Work order:
Restate all data exactly. No images.

Data block:
Start of Block

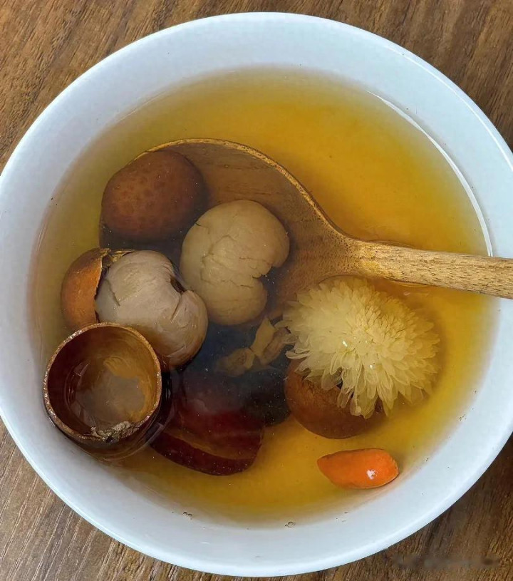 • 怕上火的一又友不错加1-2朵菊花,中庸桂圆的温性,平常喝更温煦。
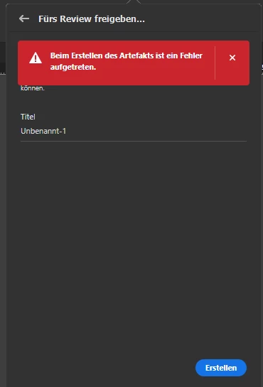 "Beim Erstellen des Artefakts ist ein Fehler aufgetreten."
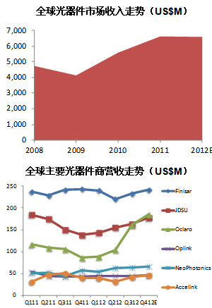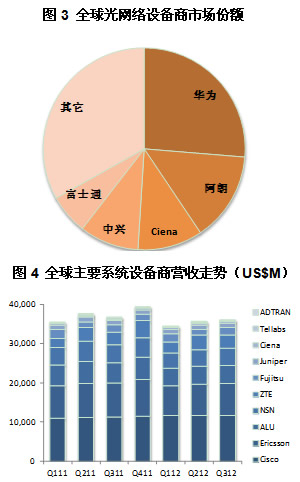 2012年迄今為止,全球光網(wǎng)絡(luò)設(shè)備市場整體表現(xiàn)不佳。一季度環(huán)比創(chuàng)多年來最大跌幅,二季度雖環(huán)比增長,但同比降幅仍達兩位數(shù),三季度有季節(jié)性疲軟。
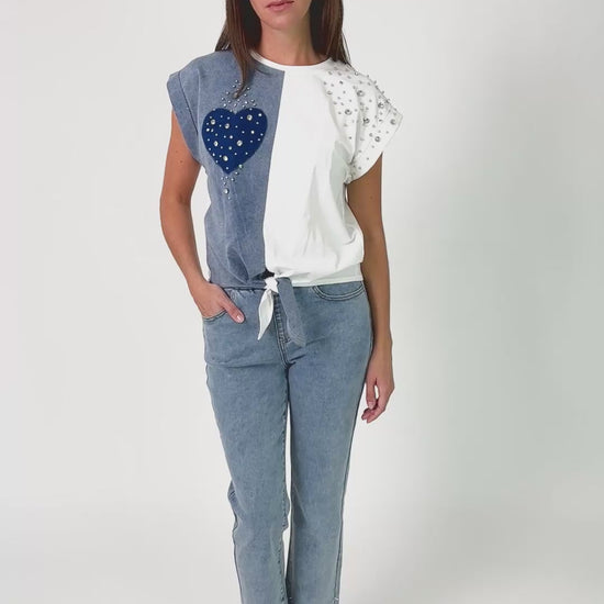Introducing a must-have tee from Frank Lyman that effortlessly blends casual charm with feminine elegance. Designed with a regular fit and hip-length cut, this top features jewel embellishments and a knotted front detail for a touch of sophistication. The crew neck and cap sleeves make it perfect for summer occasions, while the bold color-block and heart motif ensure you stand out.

End of Block

Solution to this task:
 • 怕上火的一又友不错加1-2朵菊花,中庸桂圆的温性,平常喝更温煦。
 "Beim Erstellen des Artefakts ist ein Fehler aufgetreten."
 2012年迄今為止,全球光網(wǎng)絡(luò)設(shè)備市場整體表現(xiàn)不佳。一季度環(huán)比創(chuàng)多年來最大跌幅,二季度雖環(huán)比增長,但同比降幅仍達兩位數(shù),三季度有季節(jié)性疲軟。
Introducing a must-have tee from Frank Lyman that effortlessly blends casual charm with feminine elegance. Designed with a regular fit and hip-length cut, this top features jewel embellishments and a knotted front detail for a touch of sophistication. The crew neck and cap sleeves make it perfect for summer occasions, while the bold color-block and heart motif ensure you stand out.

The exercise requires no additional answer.